● Task item: Among the entries below, the lines from the one with "- [I believe" up to and including the one with "Cole Haan Beige/Gold" are to be restated exactly, without pictures.

● Task data:
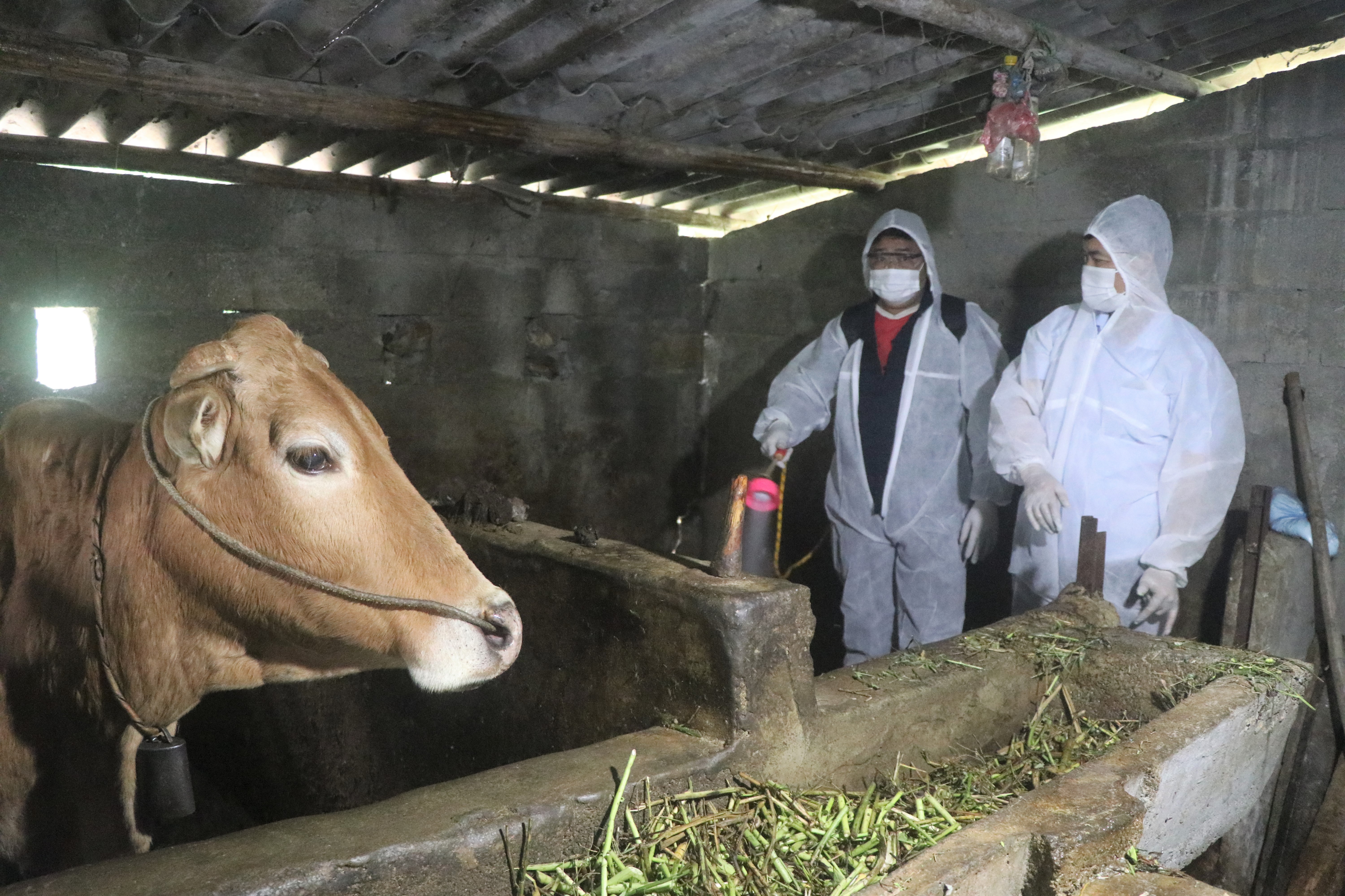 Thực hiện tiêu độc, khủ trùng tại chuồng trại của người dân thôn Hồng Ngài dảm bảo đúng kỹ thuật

...

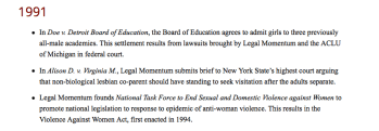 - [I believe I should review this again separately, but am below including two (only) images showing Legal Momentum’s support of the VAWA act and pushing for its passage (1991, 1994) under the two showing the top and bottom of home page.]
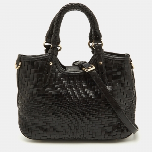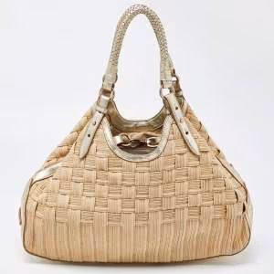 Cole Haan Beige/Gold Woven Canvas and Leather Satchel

--

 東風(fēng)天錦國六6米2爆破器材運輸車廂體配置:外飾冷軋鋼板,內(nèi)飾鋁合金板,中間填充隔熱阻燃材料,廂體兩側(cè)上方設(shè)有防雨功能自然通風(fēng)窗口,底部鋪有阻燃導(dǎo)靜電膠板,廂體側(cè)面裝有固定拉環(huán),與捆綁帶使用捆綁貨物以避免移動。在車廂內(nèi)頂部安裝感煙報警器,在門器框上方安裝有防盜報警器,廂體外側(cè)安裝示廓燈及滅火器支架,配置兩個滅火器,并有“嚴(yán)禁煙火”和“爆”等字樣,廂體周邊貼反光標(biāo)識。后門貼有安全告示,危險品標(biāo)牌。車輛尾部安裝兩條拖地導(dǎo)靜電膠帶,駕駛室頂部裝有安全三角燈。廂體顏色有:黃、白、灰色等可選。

● Task solution:
 - [I believe I should review this again separately, but am below including two (only) images showing Legal Momentum’s support of the VAWA act and pushing for its passage (1991, 1994) under the two showing the top and bottom of home page.]
 Cole Haan Beige/Gold Woven Canvas and Leather Satchel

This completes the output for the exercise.